Friday, December 10, 2010

Much Ado About Nothing

Much Ado About Nothing is my favorite Shakespeare play. Oddly enough, Much Ado About Nothing is one of only two Shakespearean comedies that I like, although I like many of the tragedies (Hamlet, King Lear, Romeo and Juliet, Macbeth). I have seen five versions of it now, including the movie, and there is something so charming about the play (although only three of the versions, not including the movie, were any good).
Much Ado About Nothing (Folger Shakespeare Library)
Last night, I saw a version starring Helen Hunt, which was musically organized by Lyle Lovett. Oddly enough, Lyle Lovett was sitting directly behind me as I tried not to cough too much during the show. Sean and Sara Watkins from Nickle Creek played the music that Lovett wrote to add a bluegrass twang to the Shakepeare.
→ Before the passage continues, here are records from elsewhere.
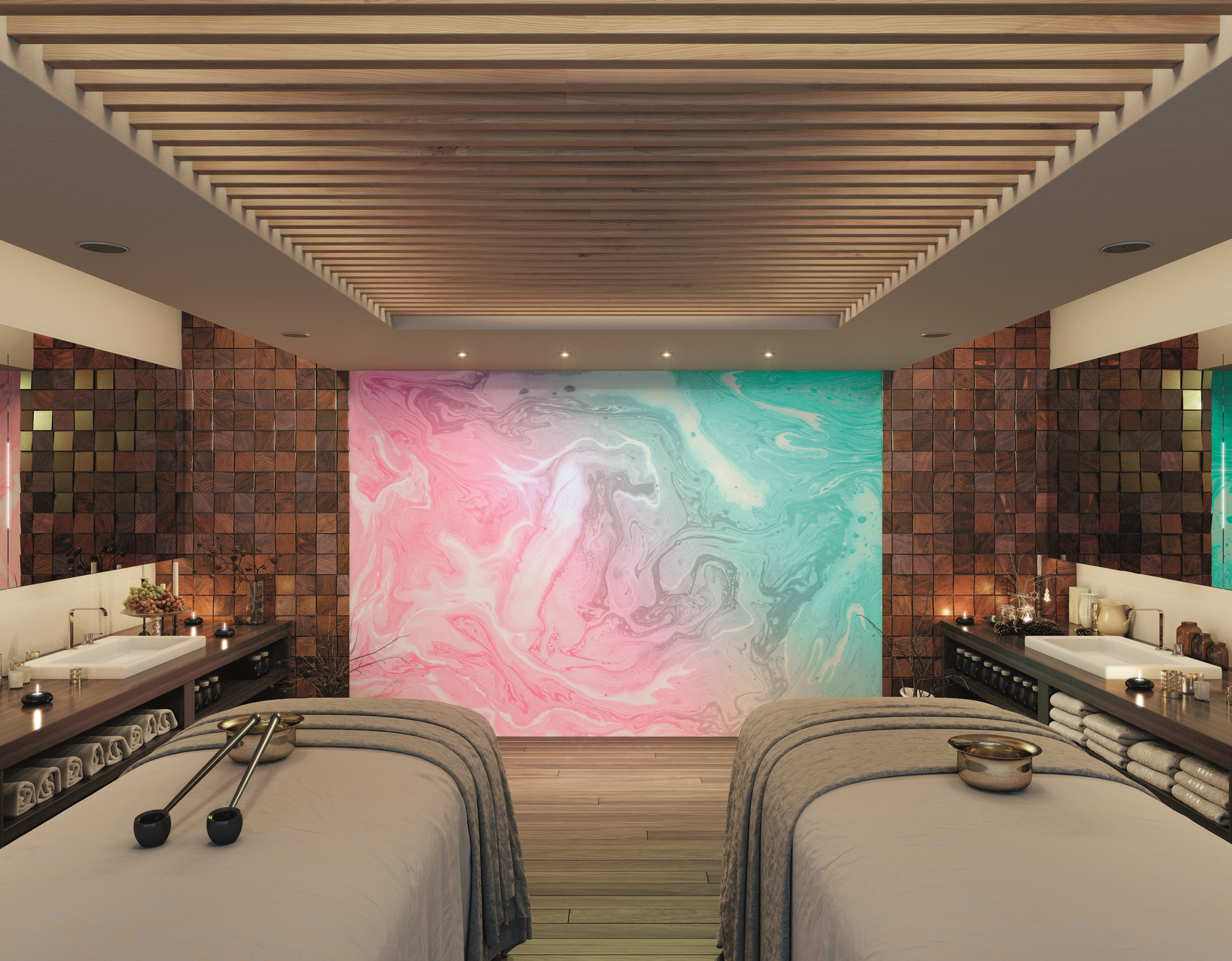 Fiatalos, színes fotótapéta, melynek absztrakt mintája jól alkalmazkodik otthonod további dekorációihoz.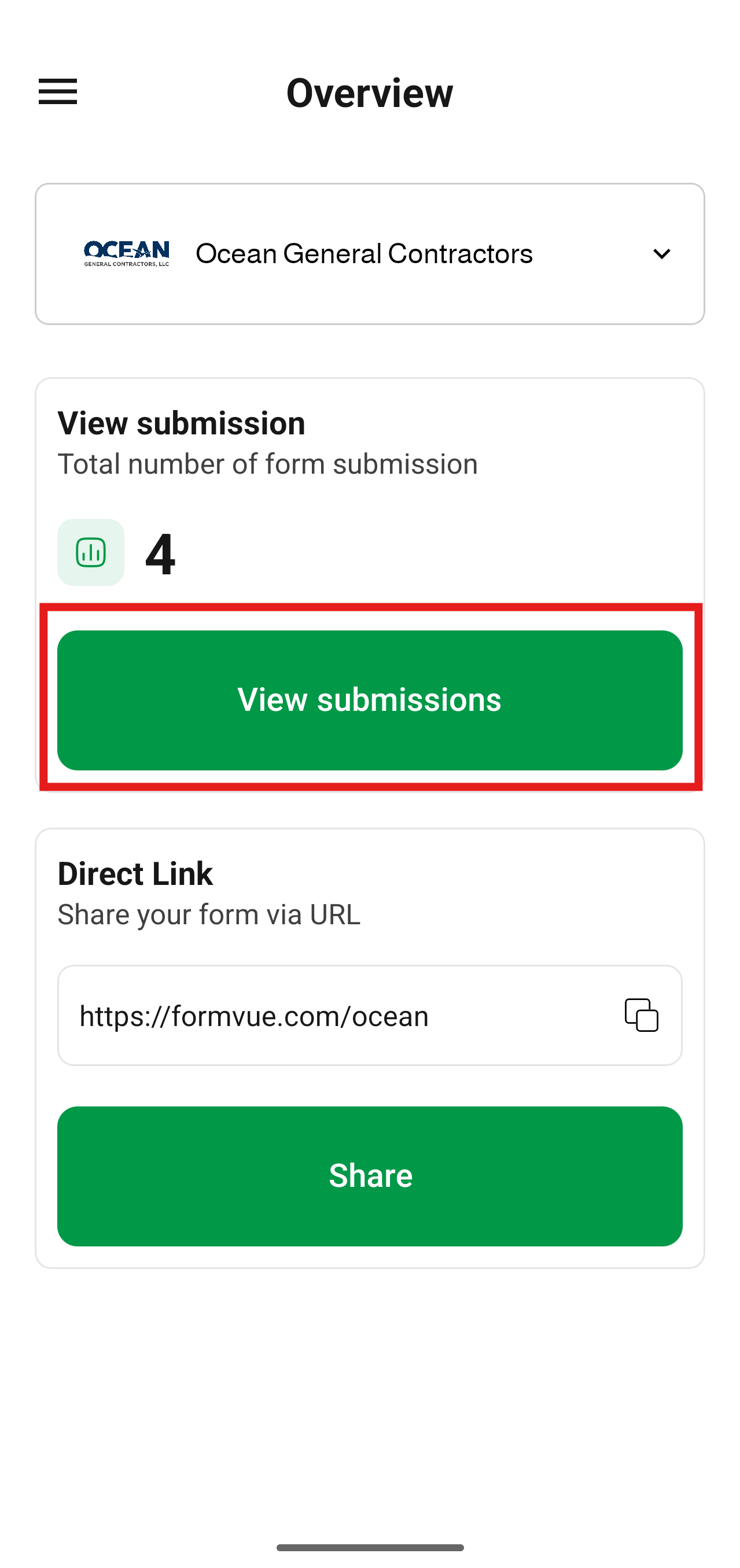 - From the Overview page of the mobile app, click View submissions to view your submissions.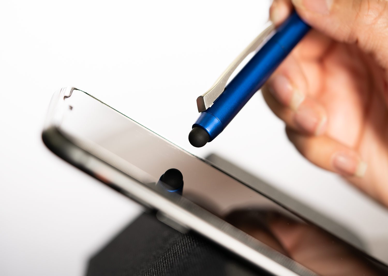 Bolígrafo plástico con sistema retráctil. Clip metálico y puntera touch para dIspositivos con pantallas táctiles. (Bolígrafo/Esfero)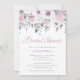 Watercolor Eigenschaft dieser erröten schöner Brautpartyeinladungen, weiche lila und weiße Blumen mit viel des botanischen Blätter und der eleganten hellpurpurnen Kalligraphie.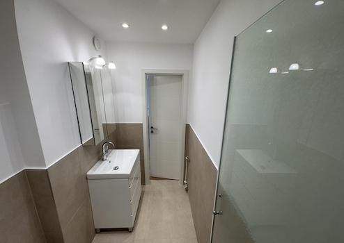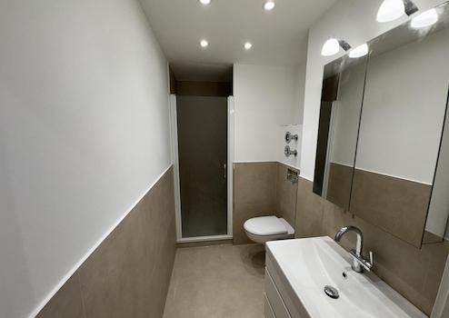 • moderne Einbauspots im Badezimmer und im Flur
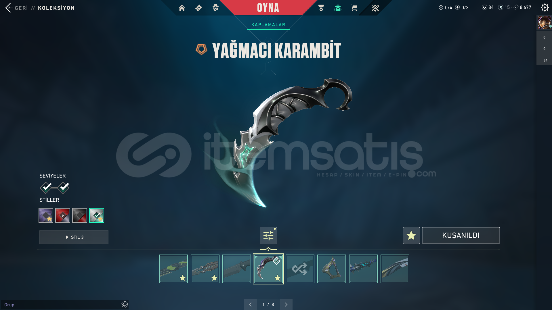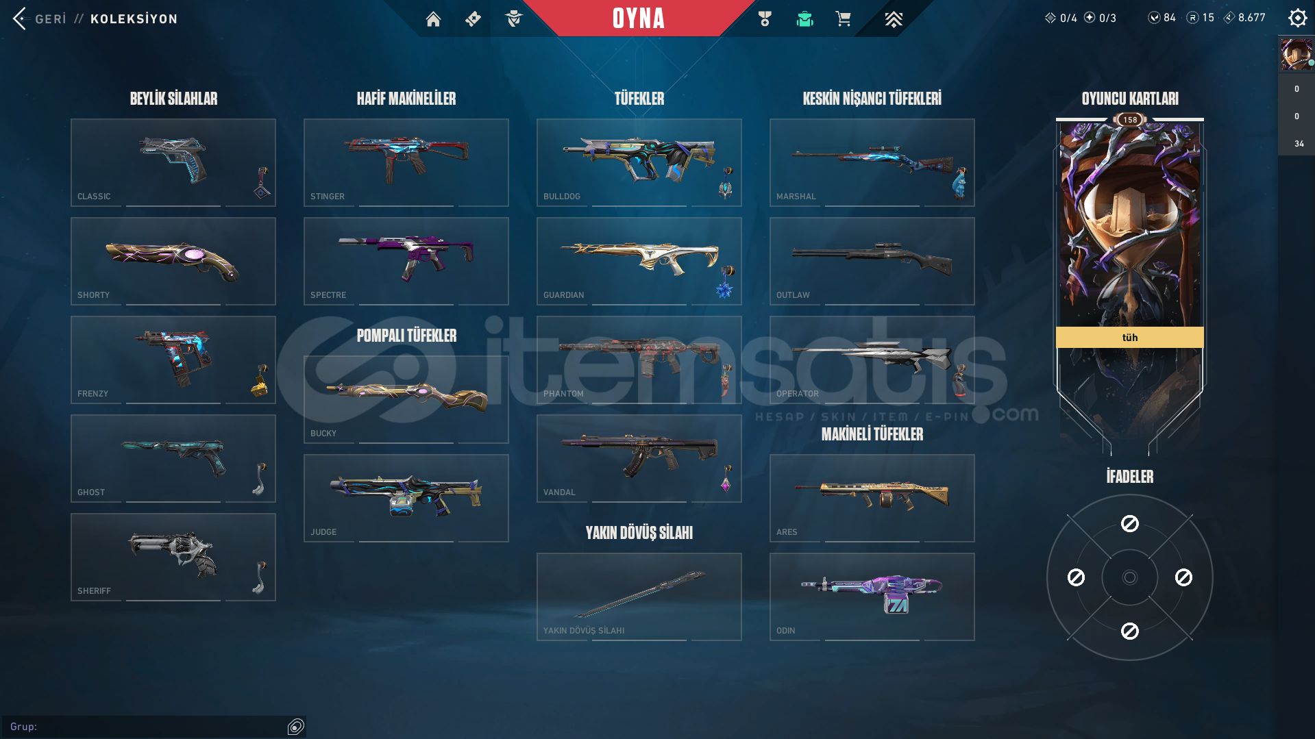 • Oyunu zaten nadiren oynuyordum artık hiç girmeyeceğim için hesabımı satıyorum. Hesabın ilk sahibi benim. Ban veya ceza geçmişi yoktur. Devir, ilk mail ile birlikte mail değişimi yapılarak sağlanacaktır. İsim değişim hakkı vardır ki isim değişimi rica edeceğim aynı Nicki kullanacağım için. 158 level hesapta 53 skin(15 adet VP'li ve 38 adet Battlepass Skini) vardır. 84 VP 15 Radyanit 8677 KP vardır. Harbor, Iso, Tejo, Veto, Vyse, Waylay hariç her ajan açıktır zaten hesaptaki kp ile istediğiniz birini açabilirsiniz. Peak rank Plat 3'tür en son derecesi Bölüm 7 Kısım 3'te olmuştur dereceli girmeyeli baya oldu zaten.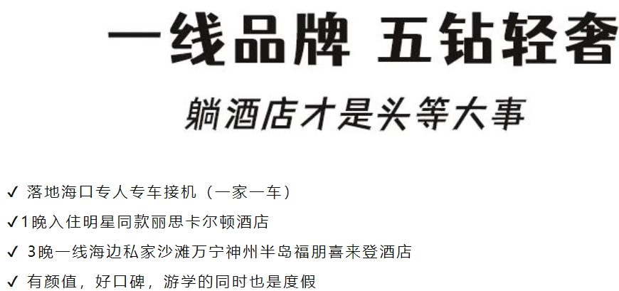 全程入住五钻+携程4.7分+国际品牌酒店,1晚海口丽思卡尔顿酒店,以及3晚神州半岛福朋喜来登酒店连住,估算下来5天4晚房费就要6000+!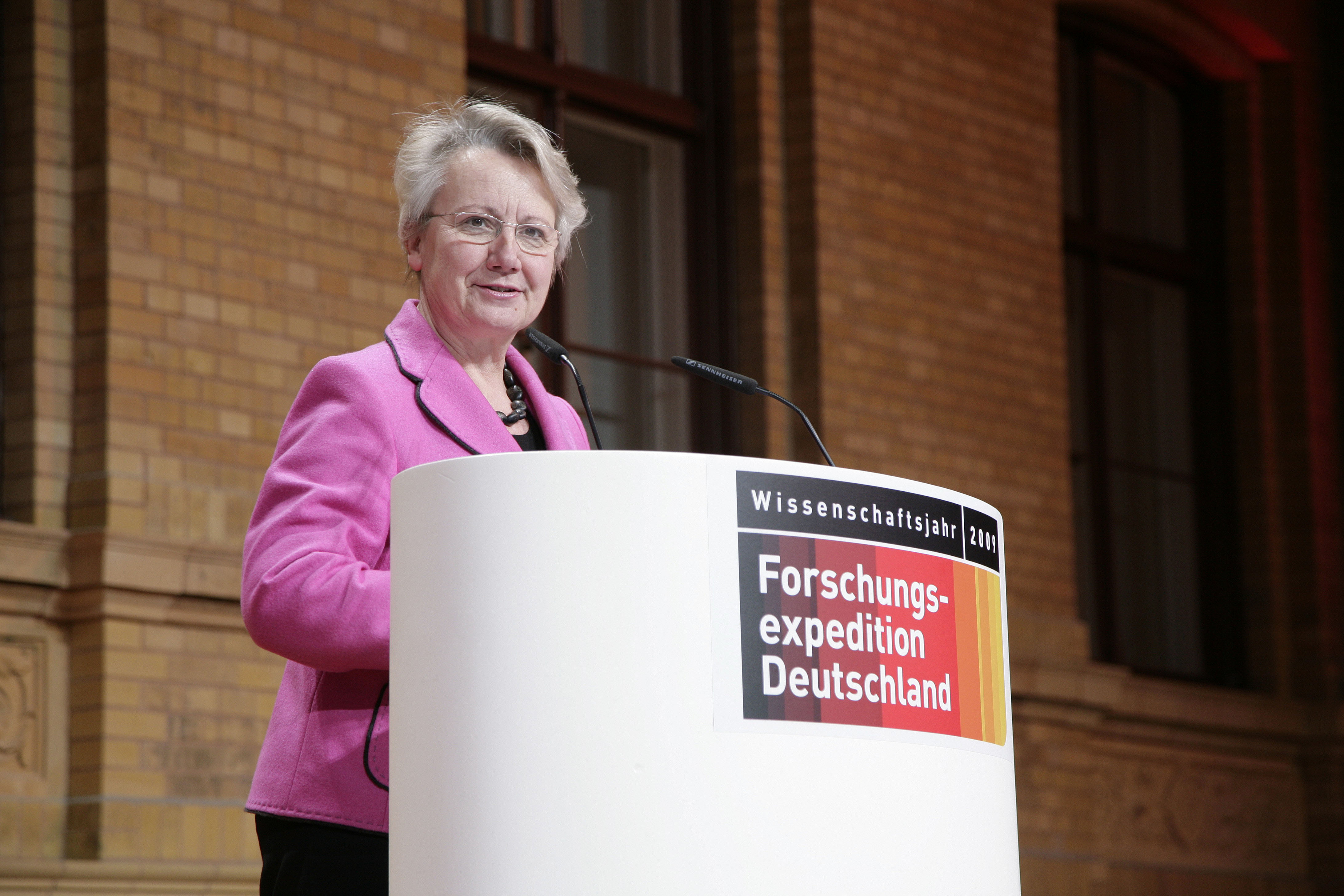 Professor Dr. Annette Schavan lässt die zehn Wissenschaftsjahre in der Hauptstadtrepräsentanz der Deutschen Telekom Revue passieren. © Amin Akthar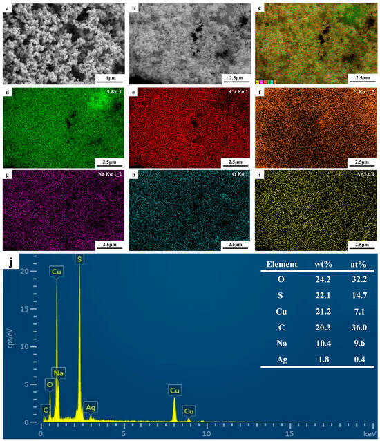The SEM images of the photolytic products are shown in Figure 10a,b. The product size was not uniform, the powder was relatively agglomerated, and the particles were spherical. To identify the types and distributions of the elements, an EDS analysis was conducted; the results are shown in Figure 10c–i. Figure 10c shows the EDS diagram for the electronic image, and Figure 10e-i shows the EDS data for S, Cu, C, Na, O, and Ag in the electronic image. The atomic ratio of S to Cu in Figure 10j was approximately 2, indicating that the aqueous solution of the thiosulfate complex can be decomposed into cuprous sulfide by UV light. However, owing to the limitations of SEM, determining the morphology and particle size of the product was difficult; therefore, it was further analyzed using TEM.

There was an article in the LA Times.

Overall, I thought the production was cute. The music was great. The setting in California wine country was a lovely new twist. The male cast was fabulous. My least favorite of them was Claudio. I do not believe I've ever seen a Claudio I particularly liked (the closest was in the Saskatoon production I saw), but I think that is more the stilted writing of an earnest character rather than the fault of the acting. The female cast was not quite as strong as the male cast, I am sorry to say. Helen Hunt generally did a nice job and I enjoyed her acting, but I thought she lacked a little bit of the fire of the ideal Beatrice. On the other hand, the colder, cooler Beatrice is a valid interpretation of the character. The rest of the female half of the cast was fine, but the male half outshone them in my mind.

I love Much Ado About Nothing because of the wordplay and the bickering of the lead characters. This production nicely rendered the spates between Beatrice and Benedick, and the music provided a lovely background to the frivolous and fun comedy. I thoroughly enjoyed it.